Hi everyone... got a question for anyone who may be in the know on this...

I have a Mac Powerbook G4 that has a dead hard drive. Unfortunately, this machine is out of warranty, so I'm pretty much on my own for getting this back to working order.

I have removed the dead Toshiba 60GB 5400RPM HD and replaced it with a Hitachi Travelstar 80GB, 5400RPM HD.

When I boot the Mac with my copy of OSX Tiger in the drive, the OSX install menus start as usual, but then when it comes time to "Select a destination volume to install Mac OS X software," the list of possible devices is empty.

I was able to install this same hard drive in a 3.5 inch enclosure and hook it up via USB to a windows machine... was able to initialize and format the HD no problem... so I'm assuming this new HD works.

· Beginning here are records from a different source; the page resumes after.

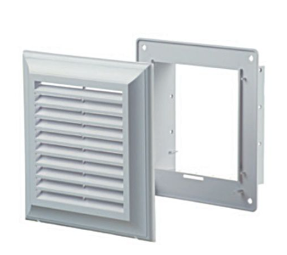 Kratka wentylacyjna nadtynkowa kwadratowa z siatką z otworem wyjściowym kwadratowym o średnicy 100x100mm, nawiewno-wywiewna do pomieszczeń wewnątrz budynku o wymiarach 140×140 mm, biały
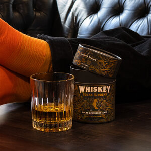 Charming retro Socks in a Whiskey Glass. For those who appreciate the finer things in life - at both ends of their body.
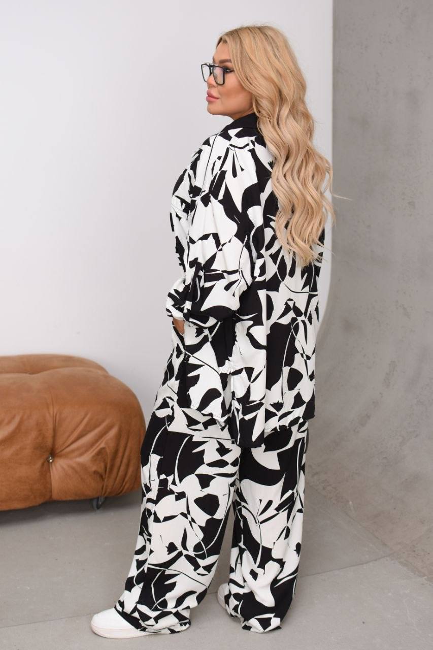 50-52 Ог 110, довжина 84, рукав 40, талія тягнеться до 110, об 120, довжина штанів 110
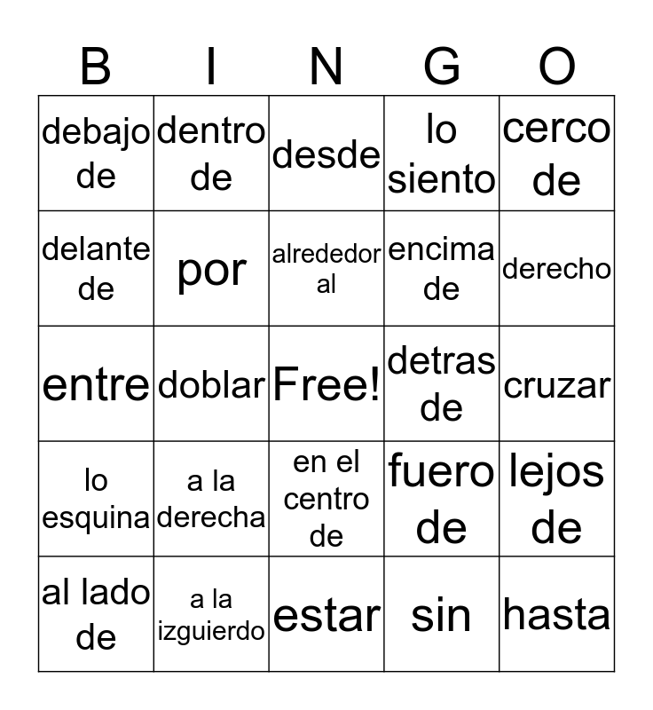 This bingo card has a free space and 24 words: a la derecha, a la izguierdo, alrededor al, al lado de, cerco de, debajo de, delante de, dentro de, detras de, en el centro de, encima de, entre, fuero de, lejos de, por, sin, cruzar, desde, derecho, doblar, hasta, lo esquina, lo siento and estar.
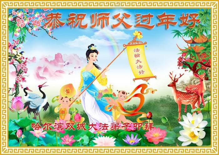 黑龙江省哈尔滨市全体大法弟子恭祝慈悲伟大的师尊过年好!
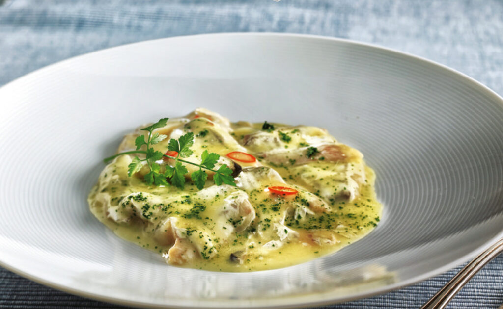 Ingredientes principales: Merluza, ajo, perejil fresco, vino blanco y caldo de pescado.
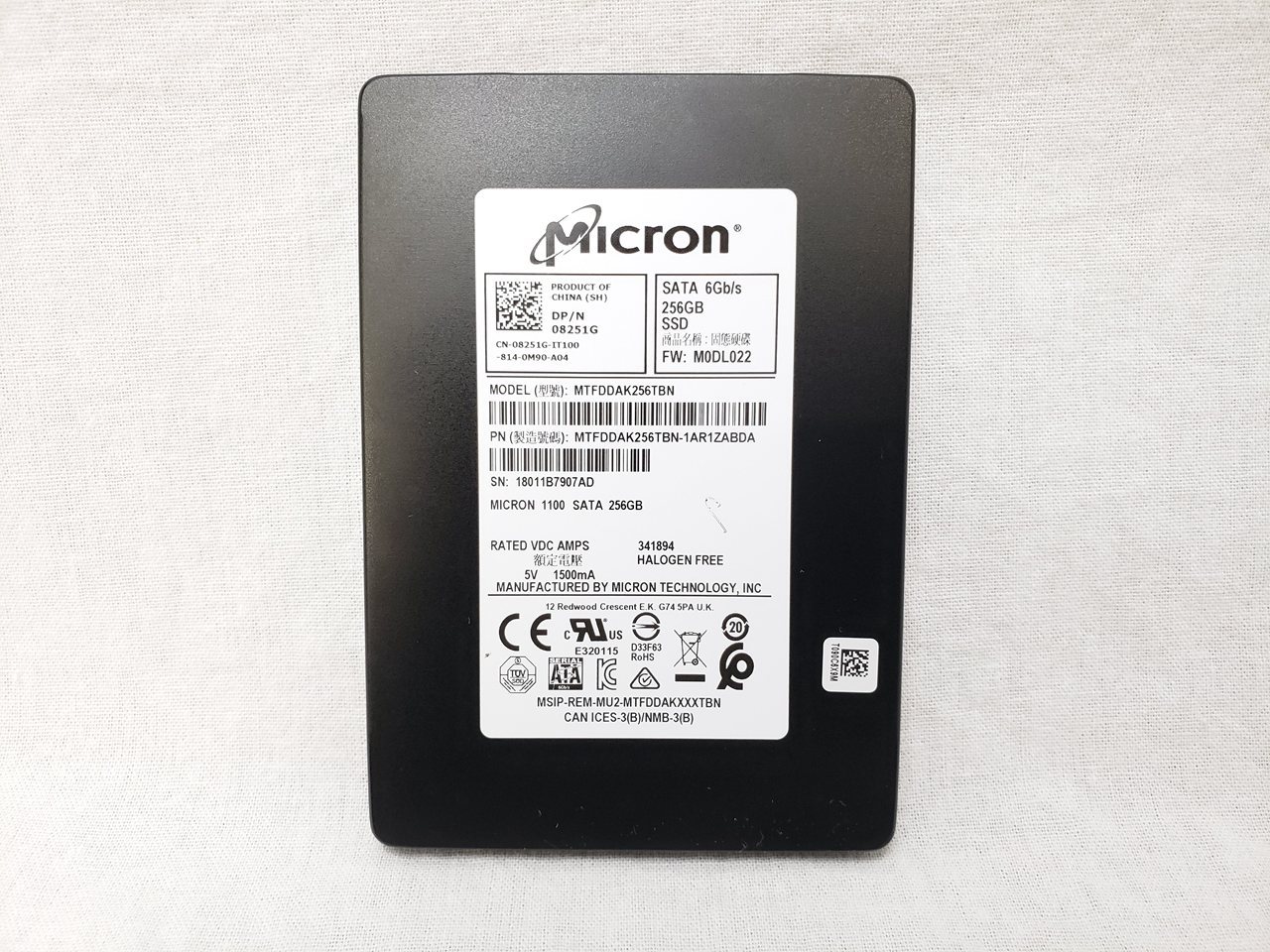 SSDのみ、 中古保証3ヶ月、 256GB、SSD、Read : 530MB/s、Write : 500MB/s、SATA 6G、2.5インチ、7mm、3D TLC

Does anyone know if Mac Powerbook G4s require a replacement hard drive that has been authorized and/or encoded in some way by Apple or will a generic drive work and I am just missing something??

Thank you in advance...

~Andy


----------



## Emmerac (Aug 26, 2006)

Your hard drive needs to be set to a partition scheme that OS X recognizes before you can format it and install. Boot from the CD and then opening Disk Utility from the Utilities menu. Use Disk Utility set your partition scheme to "GUID_partition_scheme" and then format. Apple has an article in their knowledge base on this here:
http://docs.info.apple.com/article.html?artnum=303220


----------



## aj524 (Aug 30, 2006)

I actually stumbled upon the disk utility menu last night and managed to get this going. Your answer is exactly what I was looking for though. Thank you very much! 

~Andy


----------